For an ideal gas system the particles do not interact and thus we can write

(4.405)#\[\begin{equation} Q = \frac{q^N}{N!}, \end{equation}\]

where \(q\) is the molecular partition function defined as a sum over molecular energy levels

(4.406)#\[\begin{equation} q = \sum_j e^{-\beta \epsilon_j}, \end{equation}\]

where \(\epsilon_j\) is the energy of a molecule is molecular state \(j\).

From the partition function we can compute important thermodynamic quantities such as

(4.407)#\[\begin{eqnarray} U &=& k_BT^2\left( \frac{\partial lnQ}{\partial T}\right)_{N,V} \\ P &=& \frac{1}{\beta}\frac{\partial \ln Q}{\partial V} \\ C_V &=& k_B \beta^2 \left( \frac{\partial^2 \ln Q}{\partial \beta^2}\right)_{N,V} \\ S &=& k_BT\left( \frac{\partial lnQ}{\partial T}\right)_{N,V} + k_B\ln Q \end{eqnarray}\]

4.3.17.5. Entropy from the Partition Function#

Actually, we have not yet shown the last equation above. I will do so here a bit of an aside. We start with the Gibbs entropy formula

(4.408)#\[\begin{equation} S = -k_B\sum_ip_i\ln p_i \end{equation}\]

where \(p_i\) is the probability of state \(i\) and in the Canonical ensemble is given as

(4.409)#\[\begin{equation} p_i = \frac{e^{-\beta E_i}}{Q} \end{equation}\]

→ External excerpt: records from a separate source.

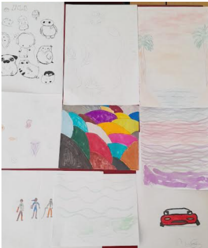
Dibujos hechos por los estudiantes mientras oían la lectura.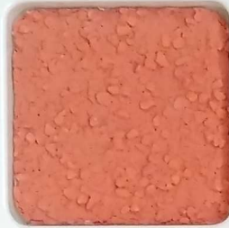
12 B ■10-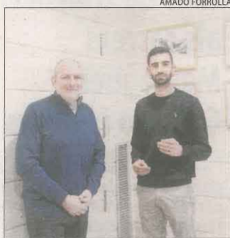
L'entrega de claus.

La Paeria comunica als cinc que hi són a precari que no podran continuar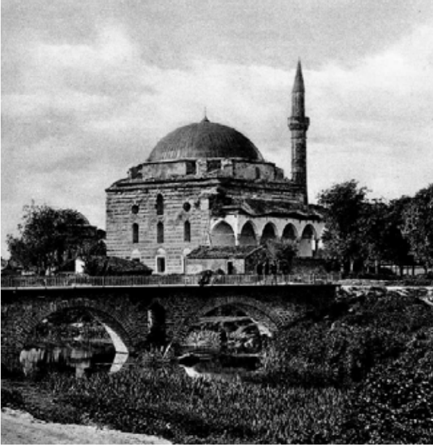
Eski bir fotoğrafta Tırhala'daki Osman Şah Camii

T oplam 23 adet Müslüman mabedi vardır. Evvelâ bunlardan Osmanlı sultanları soyundan 8 adet Cuma camiinin seçkini, mükemmel ve mükellefi Osman Şah Camii'dir ki bir diyarda benzeri yoktur, ancak Tire, Manisa, Bursa ve İstanbul'da vardır. Gerçi küçüktür ama gayet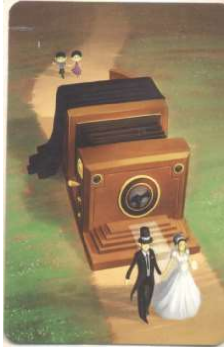
Figura 11. Carta do Jogo Dixit.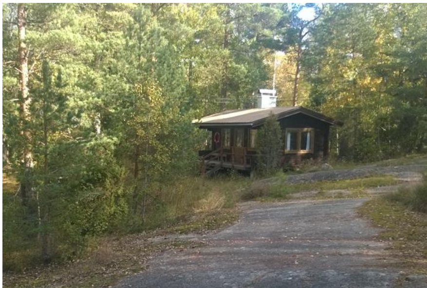
Bild 4. Den gemensamma strandbastun.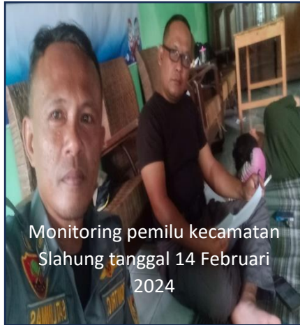
Monitoring pemilu kecamatan Slahung tanggal 14 Februari 2024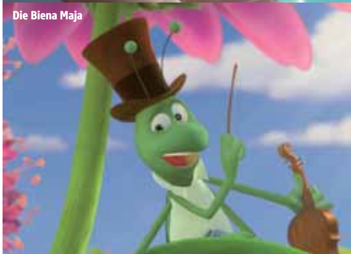
Die Biene Maja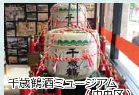
千歳鶴酒ミュージアム (中央区)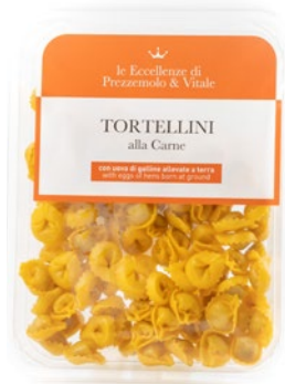
TORTELLINI ALLA CARNE Meat tortellini Cod: 0025005 - 250 g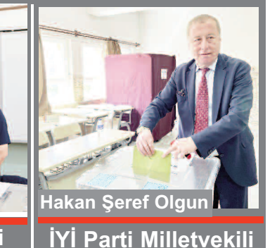
Hakan Şeref Olgun İYİ Parti Milletvekili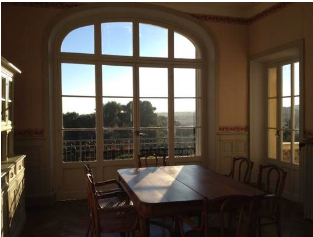
Vue de l'intérieur de la maison des Collettes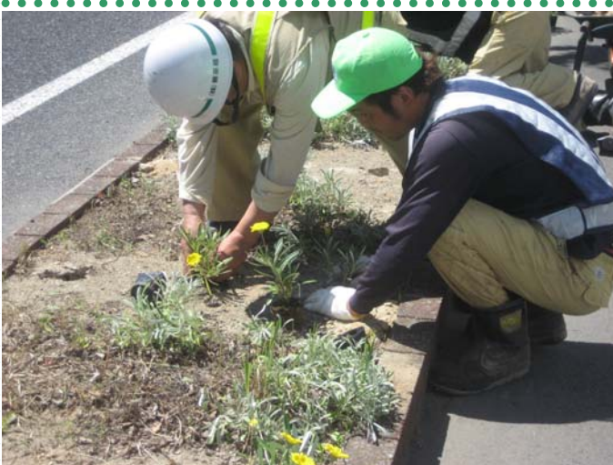
～ 植え付け穴にガザニアンクインを植え付け～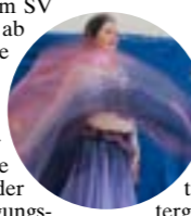
Orientalischer Tanz für Mädchen

Frauen und Mädchen ab 13 Jahren statt. Tanzinteressierte kleiden sich bequem und bringen wenn möglich ein Hüfttuch mit.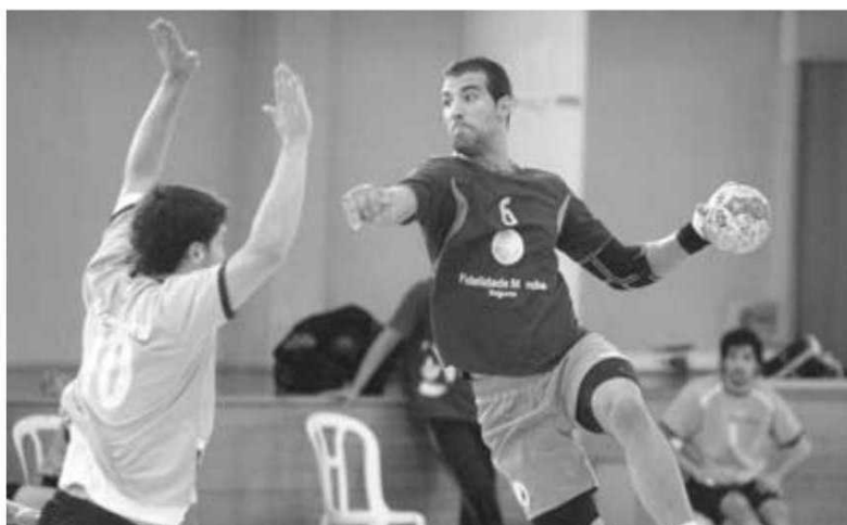
Madeirense do Madeira SAD participa no Bring Vup 2011.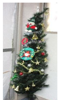
綺麗に 飾り付けて いただきました♪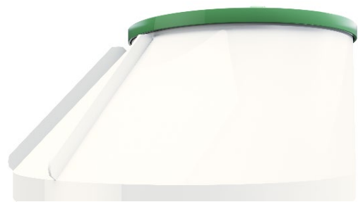
Reningsverket kan levereras med konisk hals.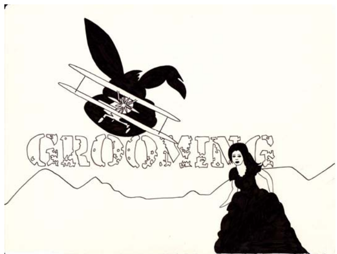
Ilustraciones de ©Paco Bezerra. 2011.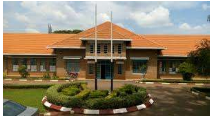
St Henry's College - Kitovu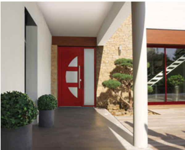
Porte d'entrée Ostende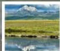
ดวงดาวหิ่งถ่าง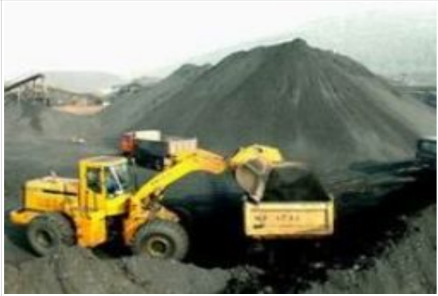
광닌성 석탄산업 현장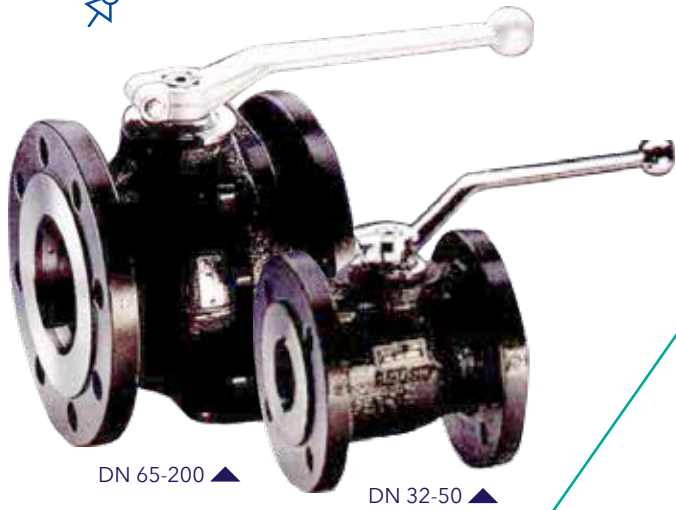
DN 65-200 ▲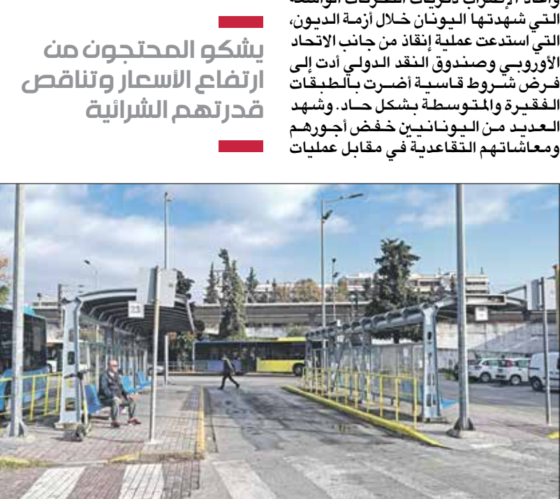
محطة صافى في اليونان، 20 نوفمبر 2024

شهدت اليونان إضراباً عاماً ضخماً الأربعاء 297 مليار يورو (297 مليار دولار) وقلصت ربع الناتج الاقتصادي اليوناني ودفعت البلاد تقريبا إلى الخروج من منطقة اليورو. وقال ستراتيس دونيانس وهو مؤلف في المحكمة انضم إلى الرفع، في أسيرة في أتينأ الخطلية بتحسين الأجور ومستويات المعيشة. انضم الأطباء والمعلمون والبنائون وعمال النقل من أكبر نقابات القطاعين الخاص والعام إلى الإضراب، حقيقفة ضد ارتفاع الأسعار». وتجمع الذين بدأ جزئيا سبب التأثير المستمر لأزمة الطاقة والغذاء والأسكان لا تزال تتجاوز الوعا والضراب تجريبات التحركات الواسعة التي شهدتها اليونان خلال أزمة الديون، التي استمدت عملية إنقاذ من جانب الاتحاد الأوروبي وصندوق النقد الدولي أدت إلى فرض شروط قاسية اضرت بالطبقات الفقيرة والمتوسطة بشكل حاد. وشهد العديد من اليونانيين خفض أجورهم ومعايشاتهم القاعدية في مقابل عمليات ولووحا بلافتات كتب عليها «إضراب عام

Plugging this formula into the Gibbs entropy equation yields

(4.410)#\[\begin{eqnarray} S &=& -k_B\sum_i \frac{e^{-\beta E_i}}{Q} \ln \left( \frac{e^{-\beta E_i}}{Q} \right) \\ &=& -k_B\sum_i \frac{e^{-\beta E_i}}{Q} \left( -\beta E_i - \ln Q\right) \\ &=& \beta k_B\sum_i E_i\frac{e^{-\beta E_i}}{Q} + k_B\sum_i\ln Q\frac{e^{-\beta E_i}}{Q} \\ &=& \frac{1}{T}\langle E \rangle + \frac{k_B\ln Q}{Q} \sum_i e^{-\beta E_i} \\ &=& \frac{U}{T} + k_B\ln Q \end{eqnarray}\]

4.3.17.6. Helmholtz Free Energy from Partition Function#

Given the above equalities and the Thermodynamic definition of \(A\), it is straightforward to determine an equation for \(A\) in terms of the partition function.

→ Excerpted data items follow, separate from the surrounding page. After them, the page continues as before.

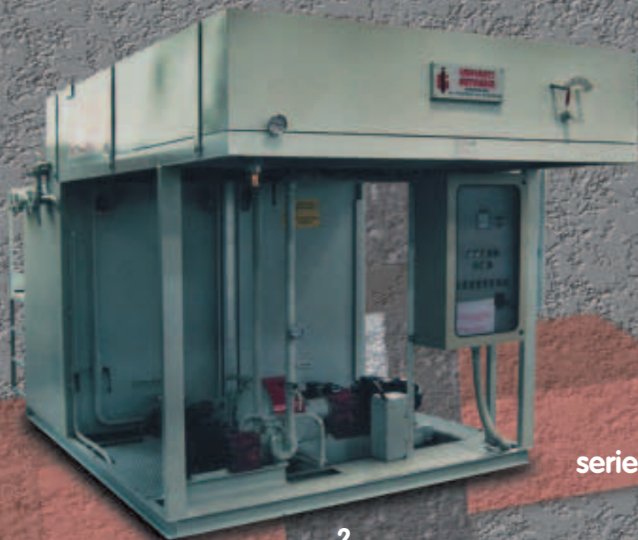
serie "COMPACT 3000"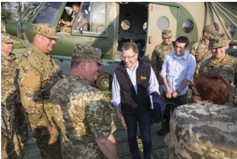
Курт Волкер серед українських бійців. Фото informal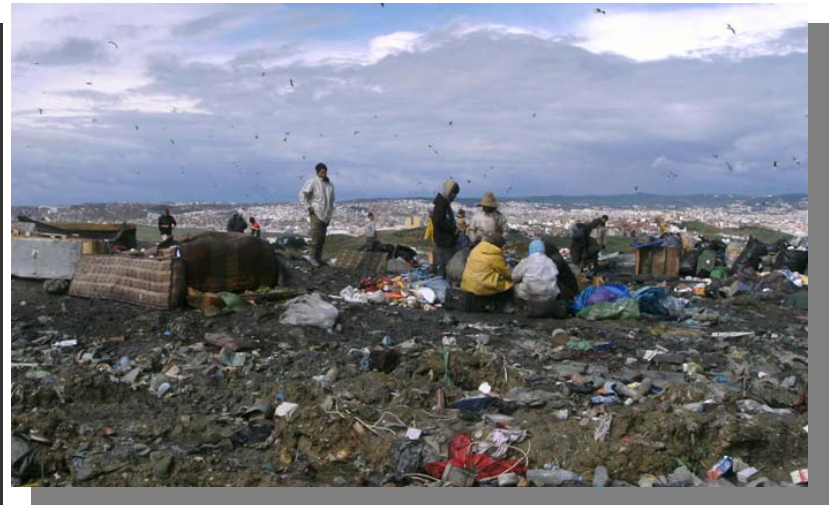
Leben auf der Deponie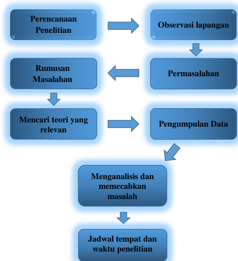
Gambar 3.1 Desain Penelitian

Desain penelitian adalah desain mengenai keseluruhan proses yang diperlukan dalam perencanaan dan pelaksanaan penelitian, (Jumantara, 2021). Berikut adalah tahapan yang dilakukan dalam pelaksanaan penelitian ini :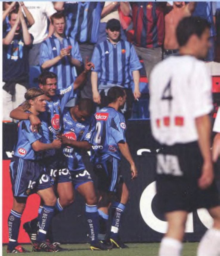
5-1 i lördags mot Örebro gav många positiva intryck.

visst känns det underbart att ha en sådan match med sig in i Allsvenskans andra halva. Det är dock fortfarande stenhårt jobb från alla inblandade som gäller även i fortsättningen. Vi vill ha många fler poäng innan serien är slut.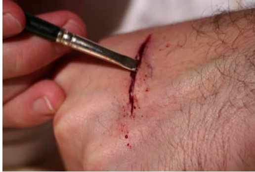
Etape N° 2

Placer le Pinceau N°2 imbibé de Fard rouge-sang dans « l'amorce » et faire de petits mouvements pour soulever la lèvre de Plasto-Nat .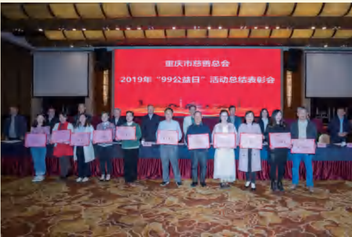
△ 市慈善总会2019年“99公益日”表彰先进单位（一）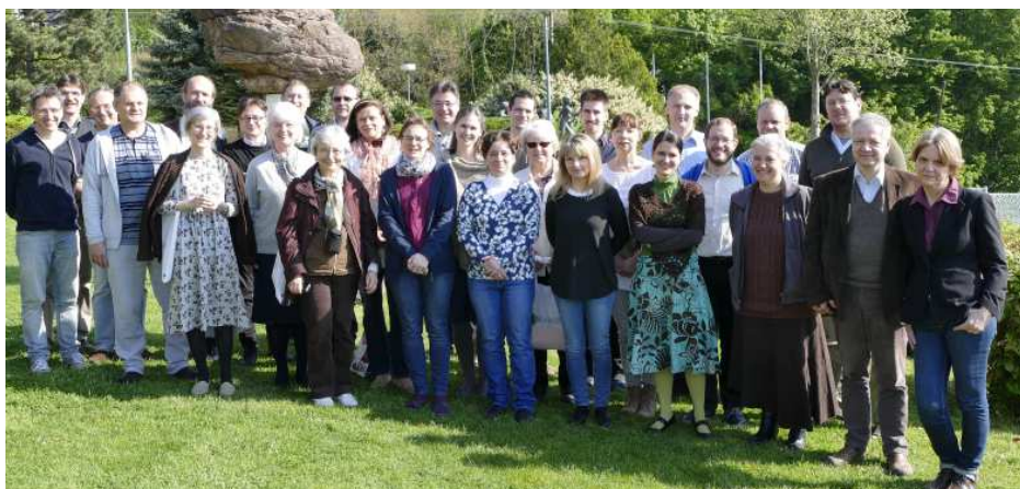
Fasori presbiterek és szolgálatvezetők Kovácspatakon

A szolgálói hétvége egyik nagy tanítása az volt, hogy minden dolgunk térden állva dől el. Akkor, amikor alázatosan térdet hajtunk az Úr előtt, imádkozunk, engedjük, hogy az Ige fényében megfürdjünk, s az Úr Lelke átmosson bennünket, megtisztítson minden bűntől, s Tőle kérünk eligazítást minden ügyünkben, életünk minden eseményében. Imádkozom-e naponta, reggelenként? Hagyom-e, hogy az Úr rámutasson, ha valami nincs rendben az életemben? Mit tegyek le, mit hagyjak el, mi- ben induljak el? Kérem-e imádságban, hogy maga az Úr Jézus Krisztus tanítson? S ha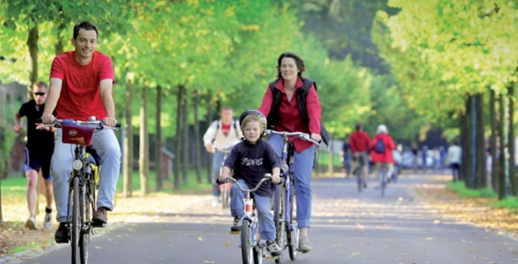
Radtour in Bonn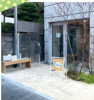
アットホームで話しやすい雰囲気

(4.411)#\[\begin{eqnarray} A &=& U - TS \\ &=& k_BT^2\left( \frac{\partial lnQ}{\partial T}\right)_{N,V} - T\left( k_BT\left( \frac{\partial lnQ}{\partial T}\right)_{N,V} + k_B\ln Q \right) \\ &=& -k_BT\ln Q \end{eqnarray}\]

4.3.17.7. Chemical Potential#

To derive an equation for the chemical potential in terms of the partition function we start be writing the differential form of the Helmholtz free energy for a single component system

(4.412)#\[\begin{eqnarray} dA &=& \left(\frac{\partial A}{\partial T} \right)_{N,V}dT + \left(\frac{\partial A}{\partial V} \right)_{N,T}dV + \left(\frac{\partial A}{\partial N} \right)_{T,V}dN \\ &=& -SdT - PdV + \mu dN \end{eqnarray}\]

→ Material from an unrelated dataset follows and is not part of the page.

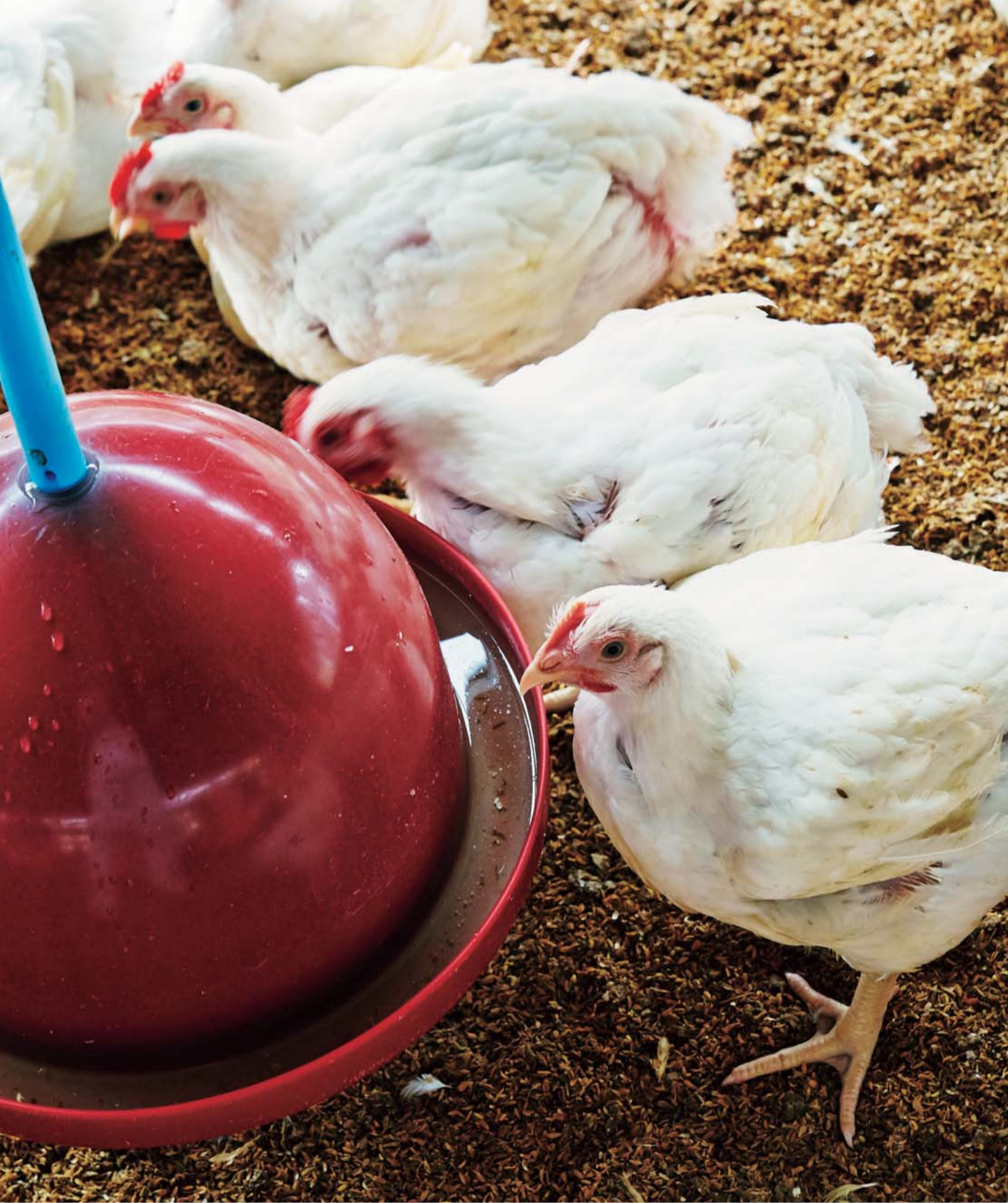
風と日差しが入り、床は籾殻でふかふか。水を飲んだり好きな場所に行ったりと、鶏たちは自由に過ごします。

where \(\mu\) is the chemical potential of the species and \(N\) is the number of molecules in the system.

The chemical potential can also be expressed as partial derivatives of other energy functions,

(4.413)#\[\begin{equation} \mu = \left(\frac{\partial A}{\partial N} \right)_{T,V} = \left(\frac{\partial G}{\partial N} \right)_{T,P} = \left(\frac{\partial H}{\partial N} \right)_{S,P} = \left(\frac{\partial U}{\partial N} \right)_{S,V}, \end{equation}\]

as long as the appropriate natural variables are kept constant.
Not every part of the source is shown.